> _Exercise prompt_
Only the lines from the line containing "Конструкция оси выполнена" to the end of the material belong in the copy; set them down exactly, without pictures.

> _Information provided_
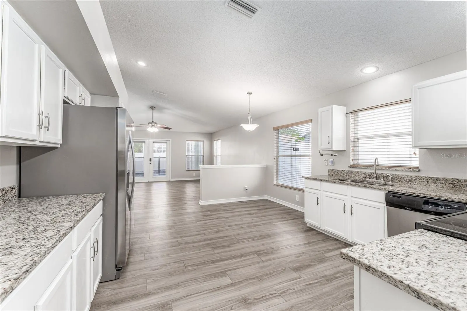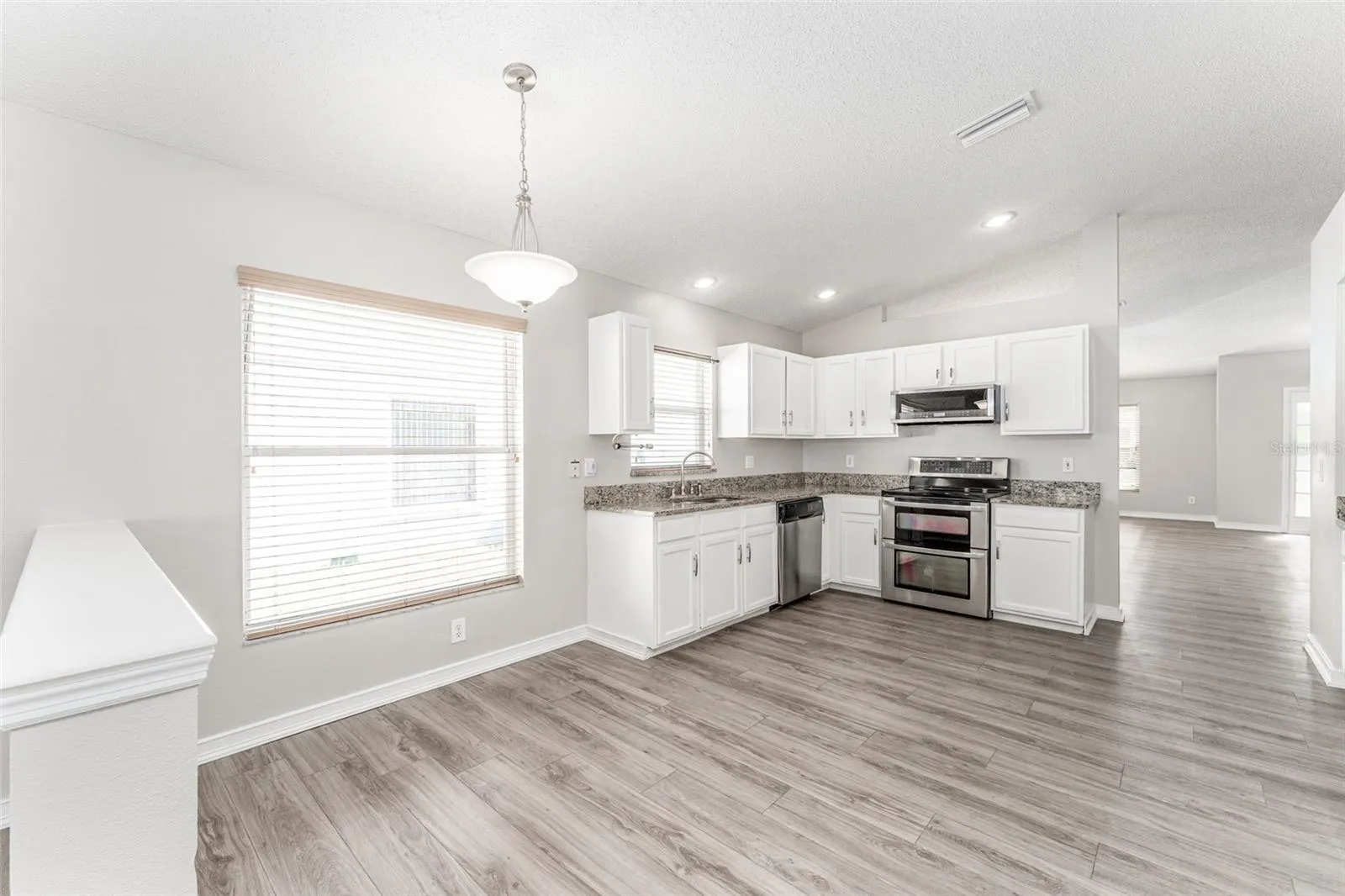 - Living Room/Dining Room Combo, Eat-in Kitchen, Kitchen/Family Room Combo, Split Bedroom, Stone Counters
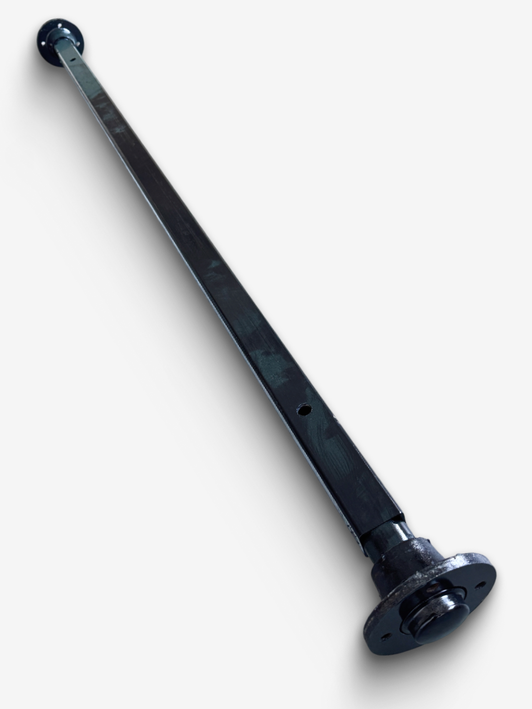 Конструкция оси выполнена из усиленной толстостенной трубы 50х50 мм с толщиной стенки 4 мм, что гарантирует повышенную прочность и устойчивость к деформации. На выбор в сборе используется качественная стальная штампованная ступица от ВолгаАвтоПром с разболтовкой 4*98. и 5*139,7, болт М12х1,5 и подшипником 30*60*37 — это проверенные комплектующие с отличным ресурсом.
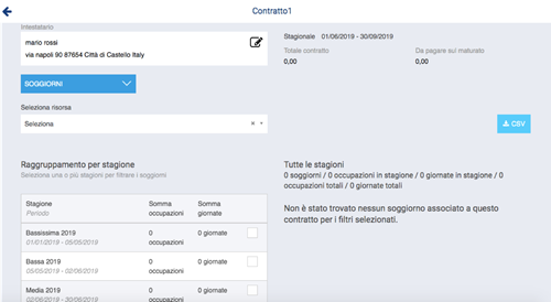 Infine abbiamo la sezione relativa ai SOGGIORNI in cui abbiamo un riepilogo di essi, relativo ovviamente al contratto stesso.
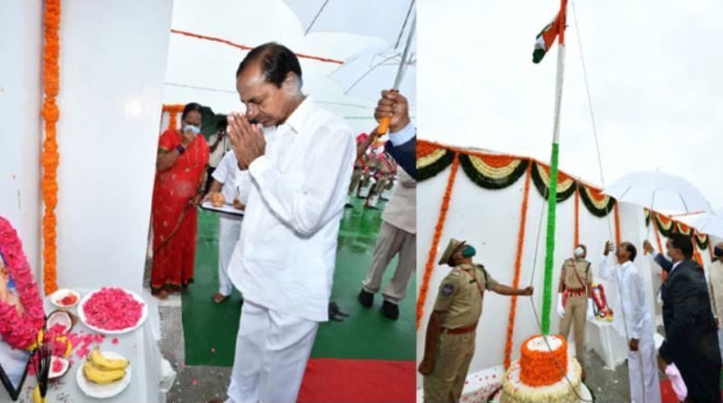 Read moreతెలంగాణలో పంద్రాగస్టు వేడుకలు ఘనంగా జరిగాయి. ప్రగతిభవన్ లో సీఎం కేసీఆర్ జాతీయ జెండాని ఆవిష్కరించారు. ఈ కార్యక్రమంలో రాష్ట్ర ప్రభుత్వ ప్రధాన కార్యదర్శి సోమేశ్ కుమార్, డీజీపీ మహేందర్రెడ్డి,

> _Answer to the exercise_
 Конструкция оси выполнена из усиленной толстостенной трубы 50х50 мм с толщиной стенки 4 мм, что гарантирует повышенную прочность и устойчивость к деформации. На выбор в сборе используется качественная стальная штампованная ступица от ВолгаАвтоПром с разболтовкой 4*98. и 5*139,7, болт М12х1,5 и подшипником 30*60*37 — это проверенные комплектующие с отличным ресурсом.
 Infine abbiamo la sezione relativa ai SOGGIORNI in cui abbiamo un riepilogo di essi, relativo ovviamente al contratto stesso.
 Read moreతెలంగాణలో పంద్రాగస్టు వేడుకలు ఘనంగా జరిగాయి. ప్రగతిభవన్ లో సీఎం కేసీఆర్ జాతీయ జెండాని ఆవిష్కరించారు. ఈ కార్యక్రమంలో రాష్ట్ర ప్రభుత్వ ప్రధాన కార్యదర్శి సోమేశ్ కుమార్, డీజీపీ మహేందర్రెడ్డి,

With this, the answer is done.